The first part of the volume begins with Laura Alba-Juez’s chapter on “The variables of the evaluative functional relationship: The case of humorous discourse”. The author underlines the importance of evaluation for producing and interpreting humor: “[h]umorous discourse […] always contains an underlying stance (on the part of the interlocutors), manifested through the use of evaluative language/discourse, gestures, prosody, laughter, or images” (p. 31). Her proposal exploits previous research on evaluation to determine six variables to be used for accounting for evaluation in jokes.

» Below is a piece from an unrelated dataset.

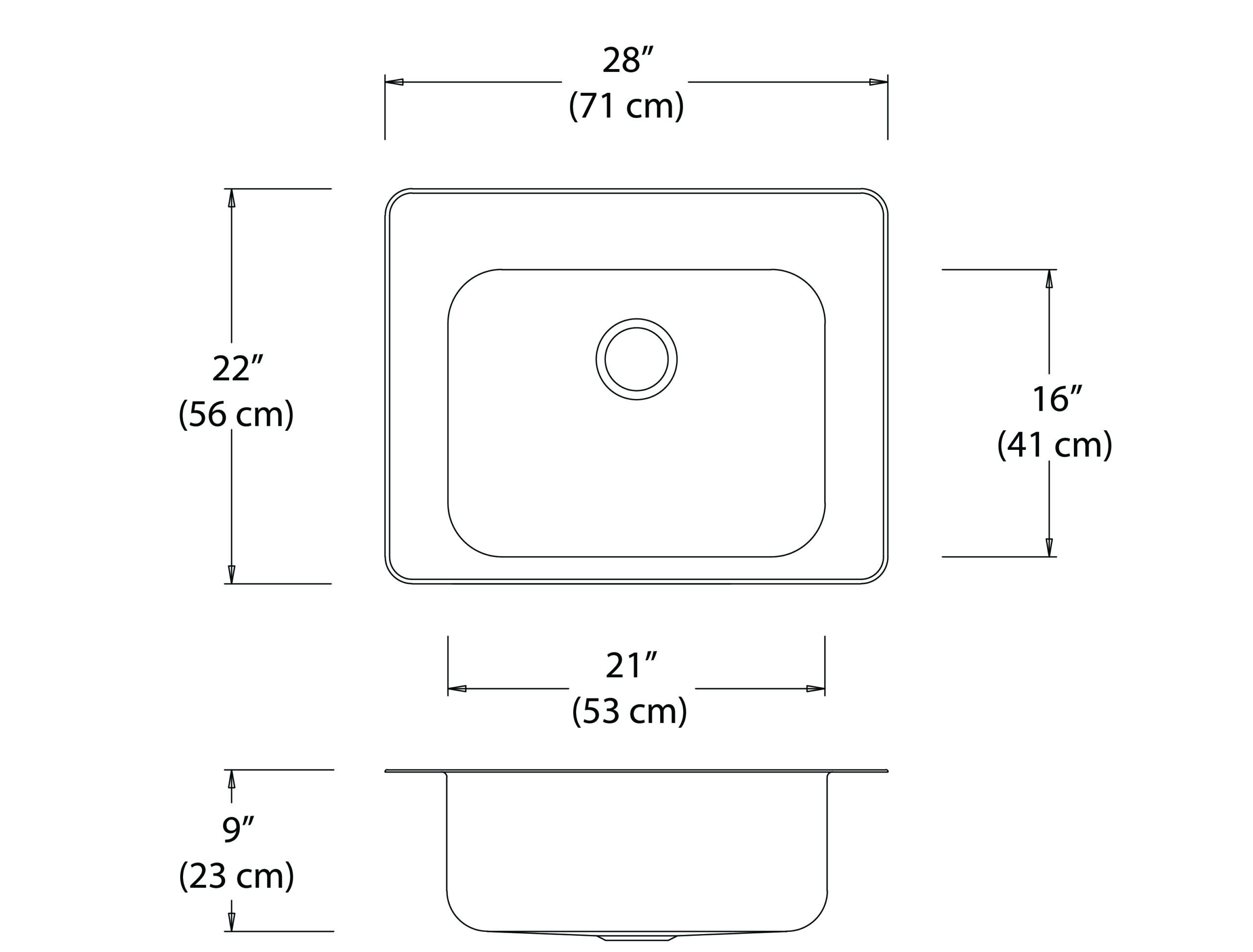 Stainless steel single bowl drop-in sink with left, right and back ledge. Overall dimensions of 28” x 22” (71 cm x 56 cm), bowl dimensions of 21” x 16” (53 cm x 41 cm) and a depth of 9” (23 cm). Centre-rear waste, 3 ½” (9 cm) basket strainer assembly with tailpiece included, satin finish, 18Ga., T300. Sound deadening pads, template and installation hardware included.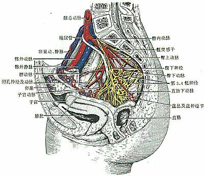 盆部的神經(jīng)一部分來自腰、骶神經(jīng),另一部分來自內(nèi)臟神經(jīng)。腰叢的閉孔神經(jīng)沿盆側(cè)壁經(jīng)閉膜管至股部。腰骶干及出骶前孔的骶神經(jīng)前支組成粗大的骶叢sacral plexus,該叢位于盆側(cè)壁后份的梨狀肌前面,其分支經(jīng)梨狀肌、下孔出盆,分布于臀部、會陰及下肢。

Although these parameters are exemplified in several jokes, the analysis is restricted to textual evaluation and does not expand to evaluative reactions to jokes (p. 21), which would bring the discussion even closer to the metapragmatics of humor. Moreover, evaluation is proposed as an additional knowledge resource for the analysis of humor in GTVH terms (Attardo 2001). The author is right in pointing out that evaluation is strongly related to two already existing knowledge resources, namely the Narrative Strategy and the Language ones, since evaluation is indeed genre-dependent and does affect the verbal encoding of the humorous text. However, she does not relate evaluation to two other knowledge resources: the Target (i.e. the object of evaluation, what is ridiculed or criticized through humor), and the Script Opposition, which encodes why an action, idea, etc. is assessed as abnormal, unexpected, and/or unconventional. These two knowledge resources are crucial for determining what, why, and how something is evaluated as funny/humorous.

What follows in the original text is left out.